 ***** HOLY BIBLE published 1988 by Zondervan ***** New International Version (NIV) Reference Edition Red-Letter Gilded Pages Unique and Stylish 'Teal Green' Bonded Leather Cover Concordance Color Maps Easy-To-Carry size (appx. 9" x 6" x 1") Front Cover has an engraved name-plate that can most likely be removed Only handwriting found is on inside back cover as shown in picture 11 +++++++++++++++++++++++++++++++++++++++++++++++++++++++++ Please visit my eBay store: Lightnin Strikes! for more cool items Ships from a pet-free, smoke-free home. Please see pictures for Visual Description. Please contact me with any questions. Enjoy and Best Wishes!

...

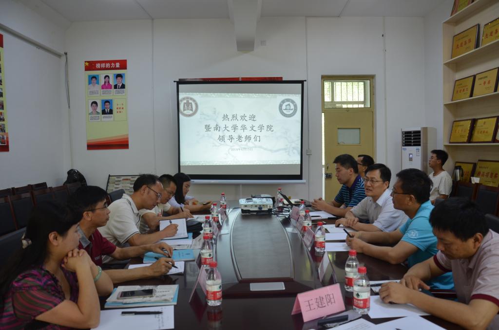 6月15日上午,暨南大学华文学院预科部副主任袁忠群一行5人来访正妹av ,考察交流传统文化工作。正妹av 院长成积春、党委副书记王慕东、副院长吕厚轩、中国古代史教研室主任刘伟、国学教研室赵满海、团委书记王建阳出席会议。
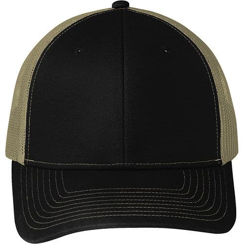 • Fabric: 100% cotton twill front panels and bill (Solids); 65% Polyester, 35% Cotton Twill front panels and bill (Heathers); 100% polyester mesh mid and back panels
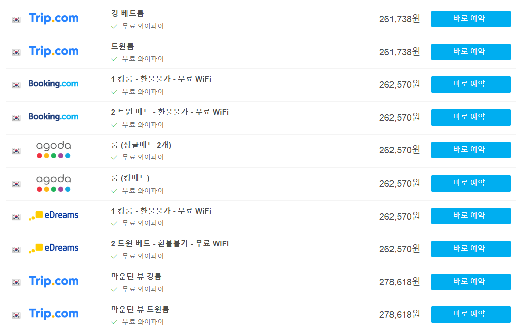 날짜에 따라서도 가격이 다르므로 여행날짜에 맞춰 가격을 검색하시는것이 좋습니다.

> _Directions for this task_
Line for line, output the entries above from the line with "and back panels" to the line with "날짜에 따라서도 가격이 다르므로 여행날짜에 맞춰 가격을 검색하시는것이 좋습니다.", both included, and nothing more. Skip pictures.

> _Expected answer_
 • Fabric: 100% cotton twill front panels and bill (Solids); 65% Polyester, 35% Cotton Twill front panels and bill (Heathers); 100% polyester mesh mid and back panels
 날짜에 따라서도 가격이 다르므로 여행날짜에 맞춰 가격을 검색하시는것이 좋습니다.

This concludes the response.